Shown in specific step is as follows:
1) the adaptive crossover mutation p of individual is calculatedc。
2) there is the D individual of lower crossover probability to be intersected for selection, and carry out prechiasmal pairing by combination of two.
3) irrelevance for calculating every group of pairing is chosen D/2 minimum combination of correlation and is intersected.
4) it is directed to each intersection group, calculates mask sample, and exchanges the gene of father's individual designated position accordingly, completes to hand over
Fork.Consider the individual of following two 16 bit variables:
Father's individual 1:0 100110010010101
Father's individual 2:1 001101001100001
Mask sample (1 indicates that father's individual 1 provides variate-value, and 0, which represents father's individual 2, provides variate-value):
Sample 1:0 110001101011010
Sample 2:1 001110010100101
Intersect latter two new individual are as follows:
Sub- individual 11101100000110001
Sub- individual 20000111011000101
Step 204: according to self-adaptive mutation individual after Population breeding and variation digit, completing individual variation mistake
Journey generates new individual.
Wherein, according to certain mutation probability and variation method, new individual is generated.The present invention is proposed according to the excellent of individual
Bad situation determines its digit that makes a variation, i.e. multiple genes of the low individual variation of fitness, and the high individual of fitness is then using few position
Whether variation or not, can form a variety of altered compositions in this way, expand search space.Self-adaptive mutation is defined as follows:
Wherein, fmaxFor the maximum adaptation degree in population, favgFor the average fitness in population, f' is two intersection individuals
In maximum fitness, fiFor currently to the fitness of variation individual, ppreFor the preset value between (0,1);The digit that makes a variation is by following formula
It provides:
Wherein, l is constant, and L/4 < l < L/3, L are chromosome length, fminFor the minimum fitness in population;fmax-
fminShow the fitness range of current population;fmax-fiShow the distance between fitness and the fitness maximum value of individual;Then show superiority and inferiority degree of the individual in current population.

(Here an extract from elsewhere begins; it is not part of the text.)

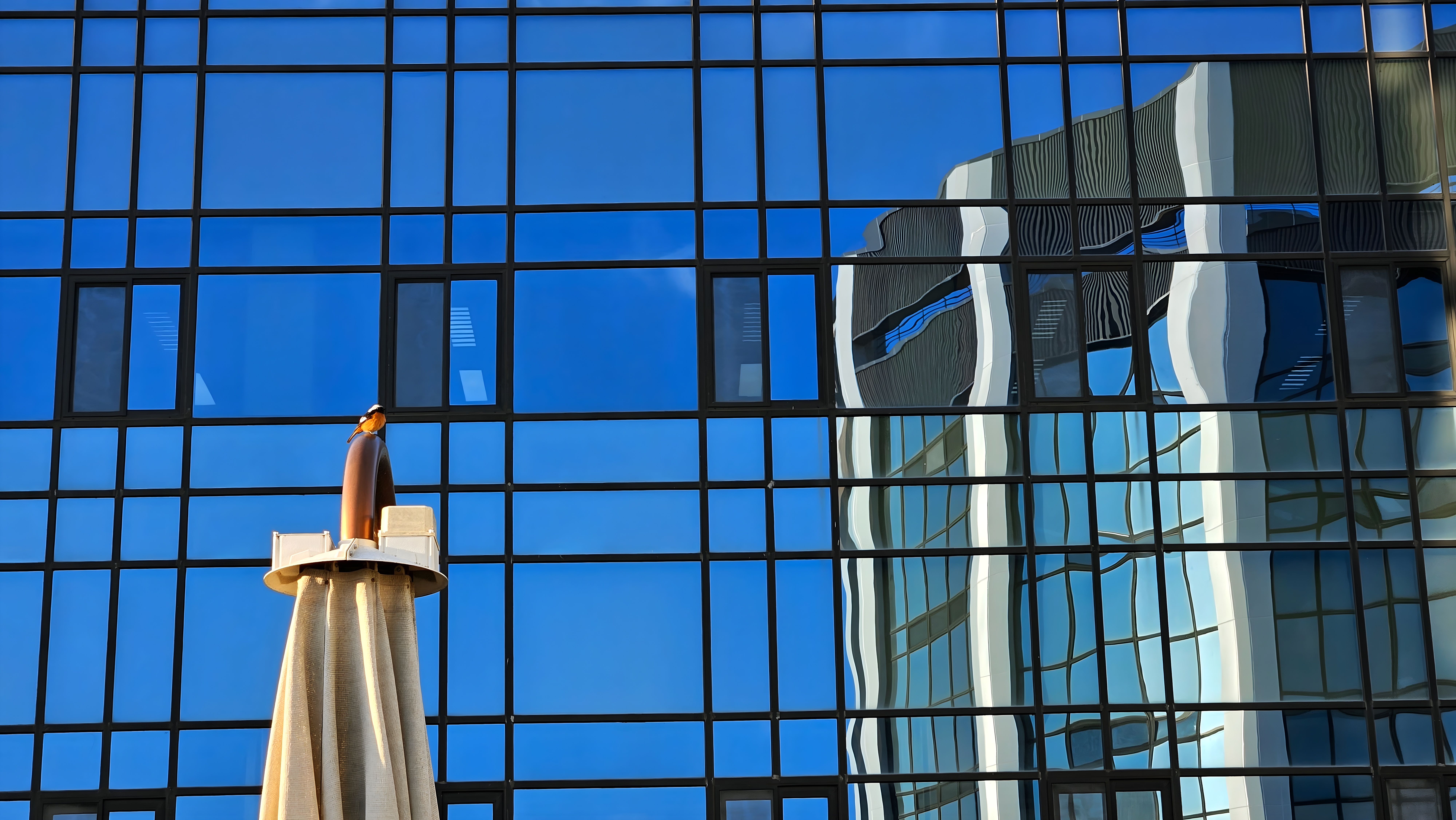 건물 유리창을 배경으로 쉬는 딱새 수컷

Specific step is as follows:
1) random number s is generated, if s is less than pm, continue step 2;Otherwise the gene order X for directly returning to current individual, becomes
Different end.
2) it generates length and is complete 1 sequence of Bits, then fill 0 at random toward the gap between already present position, fill in total
L-Bits round, ultimately produces variation mask M, and example is as shown in table 2, it is assumed that Bits=5, L=16.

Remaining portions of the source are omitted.